Using the listing below, set down exactly the lines from the one that contains "カムチェーンガイド、クラッチ" through the one that contains "Total white —", with no pictures.

◆ **Record extracts**:
....................

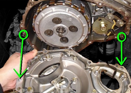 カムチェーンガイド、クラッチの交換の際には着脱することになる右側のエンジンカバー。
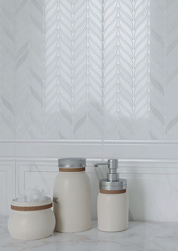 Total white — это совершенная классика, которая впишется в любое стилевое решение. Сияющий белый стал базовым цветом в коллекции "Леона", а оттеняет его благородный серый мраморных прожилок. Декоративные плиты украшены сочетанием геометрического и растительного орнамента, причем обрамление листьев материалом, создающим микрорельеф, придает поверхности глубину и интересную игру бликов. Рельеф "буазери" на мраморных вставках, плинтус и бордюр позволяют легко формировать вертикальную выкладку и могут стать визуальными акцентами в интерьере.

....................

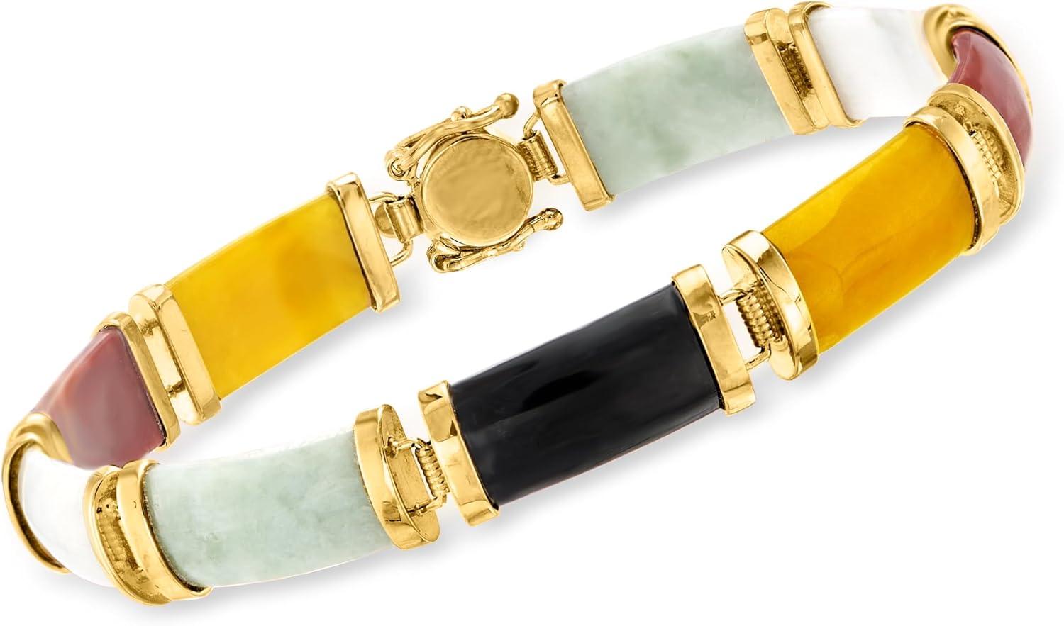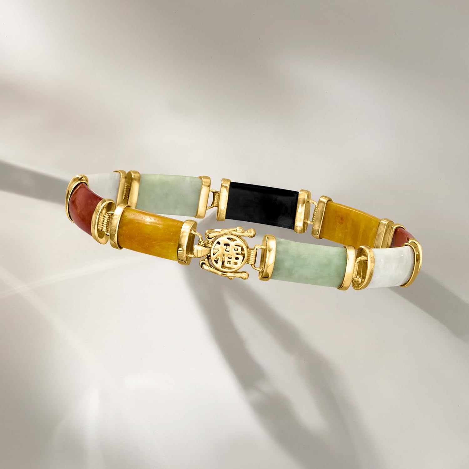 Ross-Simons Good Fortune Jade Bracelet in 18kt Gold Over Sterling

....................

◆ **Exercise answer**:
 カムチェーンガイド、クラッチの交換の際には着脱することになる右側のエンジンカバー。
 Total white — это совершенная классика, которая впишется в любое стилевое решение. Сияющий белый стал базовым цветом в коллекции "Леона", а оттеняет его благородный серый мраморных прожилок. Декоративные плиты украшены сочетанием геометрического и растительного орнамента, причем обрамление листьев материалом, создающим микрорельеф, придает поверхности глубину и интересную игру бликов. Рельеф "буазери" на мраморных вставках, плинтус и бордюр позволяют легко формировать вертикальную выкладку и могут стать визуальными акцентами в интерьере.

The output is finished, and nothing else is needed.